That's the big advantage of generators. You can wrap a list or sequence multiple times with very little performance impact. Not a single one of the functions involved executes anything until a value is requested.

tee – using an output multiple times

As mentioned before, one of the biggest disadvantages of generators is that the results are usable only once. Luckily, Python has a function that allows you to copy the output to several generators. The name tee might be familiar to you if you are used to working in a command-line shell. The tee program allows you to write outputs to both the screen and a file, so you can store an output while still maintaining a live view of it.

The Python version, itertools.tee, does a similar thing except that it returns several iterators, allowing you to process the results separately.

By default, tee will split your generator into a tuple containing two different generators, which is why tuple unpacking works nicely here. By passing along the n parameter, this can easily be changed to support more than 2 generators. Here is an example:

>>> import itertools

>>> def spam_and_eggs():
...     yield 'spam'
...     yield 'eggs'

>>> a, b = itertools.tee(spam_and_eggs())
>>> next(a)
'spam'
>>> next(a)
'eggs'
>>> next(b)
'spam'
>>> next(b)
'eggs'
>>> next(b)
Traceback (most recent call last):
    ...
StopIteration

After seeing this code, you might be wondering about the memory usage of tee. Does it need to store the entire list for you? Luckily, no. The tee function is pretty smart in handling this. Assume you have a generator that contains 1,000 items, and you read the first 100 items from a and the first 75 items from b simultaneously. Then tee will only keep the difference (100 - 75 = 25 items) in the memory and drop the rest while you are iterating the results.

Whether tee is the best solution in your case or not depends, of course. If instance a is read from the beginning to (nearly) the end before instance b is read, then it would not be a great idea to use tee. Simply converting the generator to a list would be faster since it involves much fewer operations.

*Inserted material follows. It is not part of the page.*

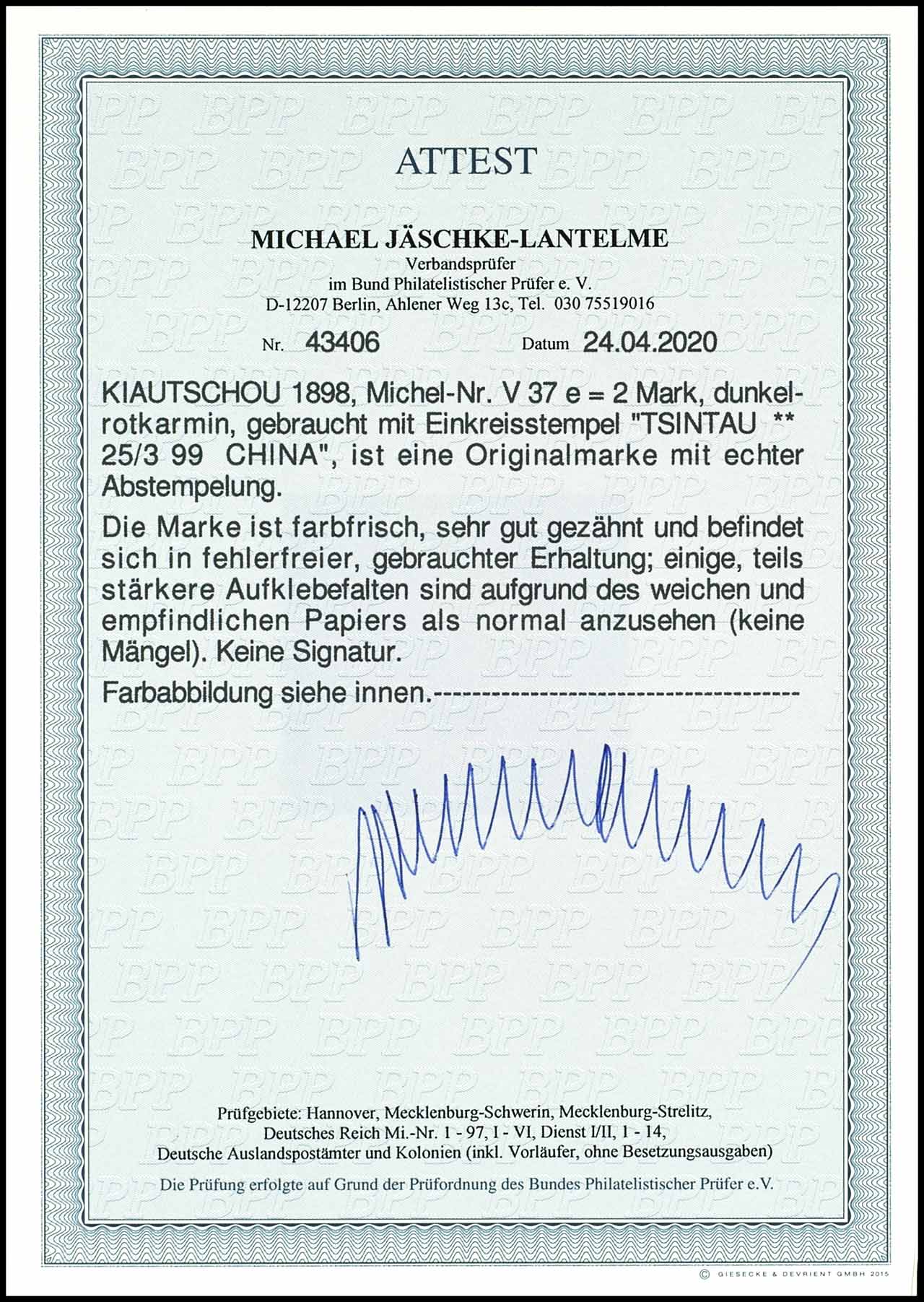 2 Mark dunkelrotkarmin, entwertet mit Einkreisstempel "TSINGTAU * * 25 3 99 CHINA", tadellose Erhaltung mit Aufklebefalten die laut Attest keinen Mangel darstellen, sondern dem weichen Papier geschuldet sind, Fotoattest Michael Jäschke-Lantelme BPP

Generating from generators

As we have seen before, we can use generators to filter, modify, add, and remove items. In many cases, however, you'll notice that when writing generators, you'll be returning from sub-generators and/or sequences. An example of this is when creating a powerset using the itertools library:

>>> import itertools

>>> def powerset(sequence):
...     for size in range(len(sequence) + 1):
...         for item in itertools.combinations(sequence, size):
...             yield item

>>> for result in powerset('abc'):
...     print(result)
()
('a',)
('b',)
('c',)
('a', 'b')
('a', 'c')
('b', 'c')
('a', 'b', 'c')

This pattern was so common that the yield syntax was actually enhanced to make this even easier. Instead of manually looping over the results, Python 3.3 introduced the yield from syntax, which makes this common pattern even simpler:

>>> import itertools

>>> def powerset(sequence):
...     for size in range(len(sequence) + 1):
...         yield from itertools.combinations(sequence, size)

>>> for result in powerset('abc'):
...     print(result)
()
('a',)
('b',)
('c',)
('a', 'b')
('a', 'c')
('b', 'c')
('a', 'b', 'c')

And that's how you create a powerset in only three lines of code.

Perhaps, a more useful example of this is flattening a sequence recursively:

>>> def flatten(sequence):
...     for item in sequence:
...         try:
...             yield from flatten(item)
...         except TypeError:
...             yield item
...
>>> list(flatten([1, [2, [3, [4, 5], 6], 7], 8]))
[1, 2, 3, 4, 5, 6, 7, 8]

Note that this code uses TypeError to detect non-iterable objects. The result is that if the sequence (which could be a generator) returns a TypeError, it will silently hide it.

Also note that this is a very basic flattening function that has no type checking whatsoever. An iterable containing an str for example will be flattened recursively until the maximum recursion depth is reached, since every item in an str also returns an str.

Context managers

As with most of the techniques described in this book, Python also comes bundled with a few useful generators. Some of these (itertools and contextlib.contextmanager for example) have already been discussed in Chapter 4, Functional Programming – Readability Versus Brevity and Chapter 5, Decorators – Enabling Code Reuse by Decorating but we can use some extra examples to demonstrate how simple and powerful they can be.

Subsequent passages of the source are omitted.